On the morning of our departure we wake up before the sun, make Cowboy Coffee, and rush out to try to see wolves. We do not see wolves, but we do see the people that saw the wolves. And we meet members of a society of people that watch the wolves every single day, writing reports on them, communicating via radio, knowledgeable about the wolves’ history. Yellowstone really is another world. Fully a country in its own right, governed by the animals, and stewarded by humans trying to do right by them. Of course the tourists make things difficult, but these little pockets of dedication and obsession and magic ripple through the park. 
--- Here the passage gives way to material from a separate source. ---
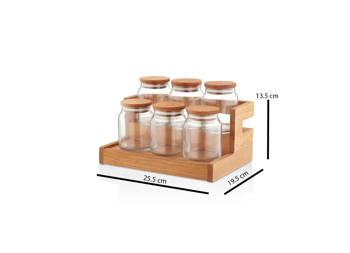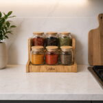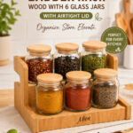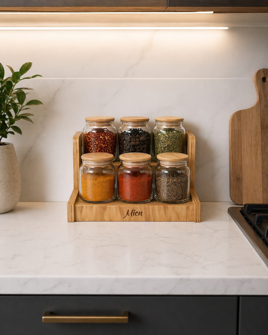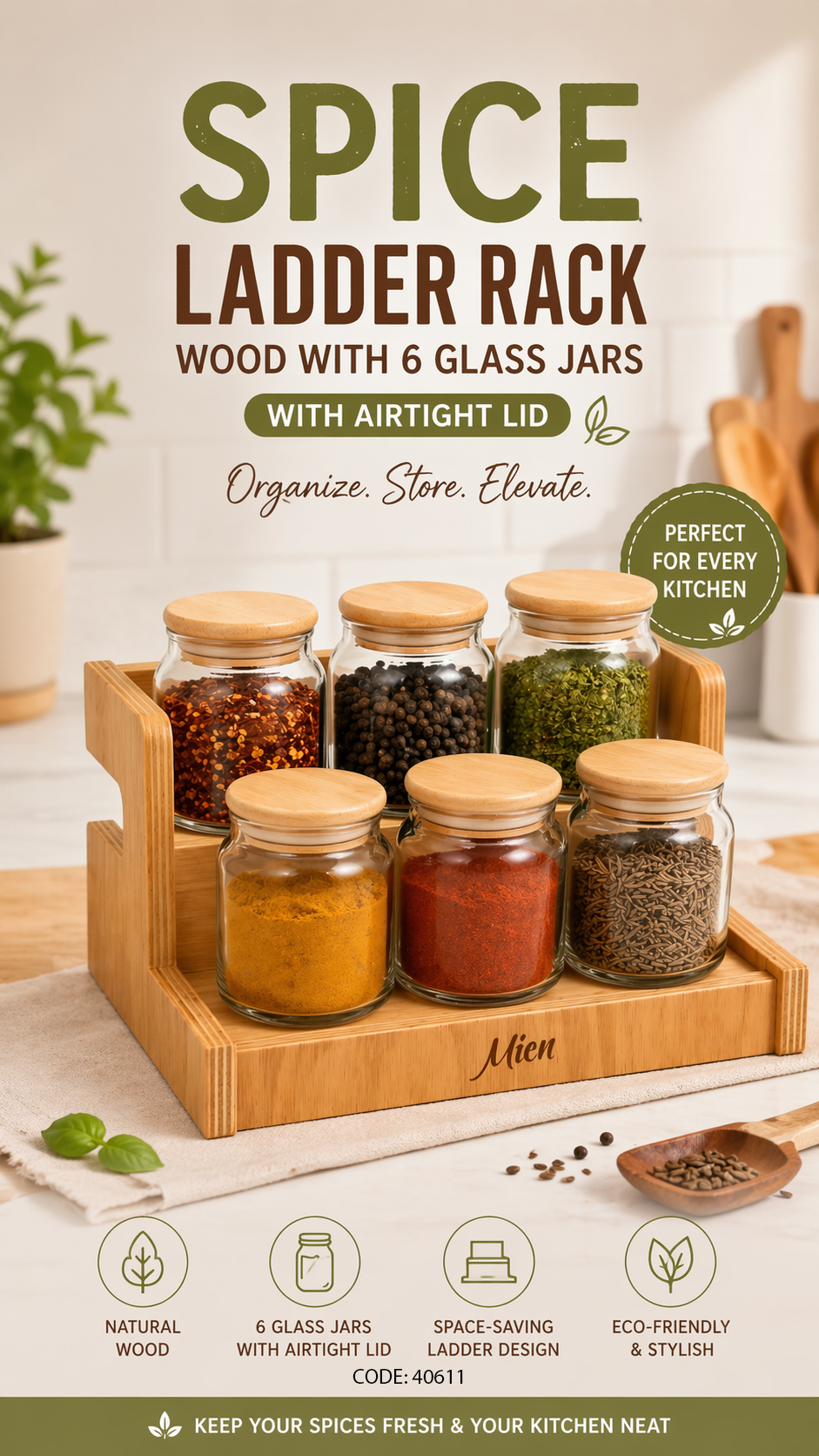 Upgrade your kitchen organization with this elegant wooden spice rack set. Designed with a tiered ladder structure and six clear glass jars, it keeps your spices fresh, visible, and easily accessible. The airtight bamboo lids with silicone seals preserve aroma and quality, while the compact design fits perfectly on countertops. A stylish and practical solution for every home—shop now from Homedash in Lebanon and bring order and beauty to your kitchen.

We don’t have time, and we repeat this over and over when people ask us about places we didn’t go. There wasn’t time. There weren’t years. We did not watch the wolves make packs, live for weeks on a carcass, grow a complex family tree, and wander that unmarked edge of park and ranch land. The edge that marks the difference between being protected and being fair game. These borders are never clearly marked for them.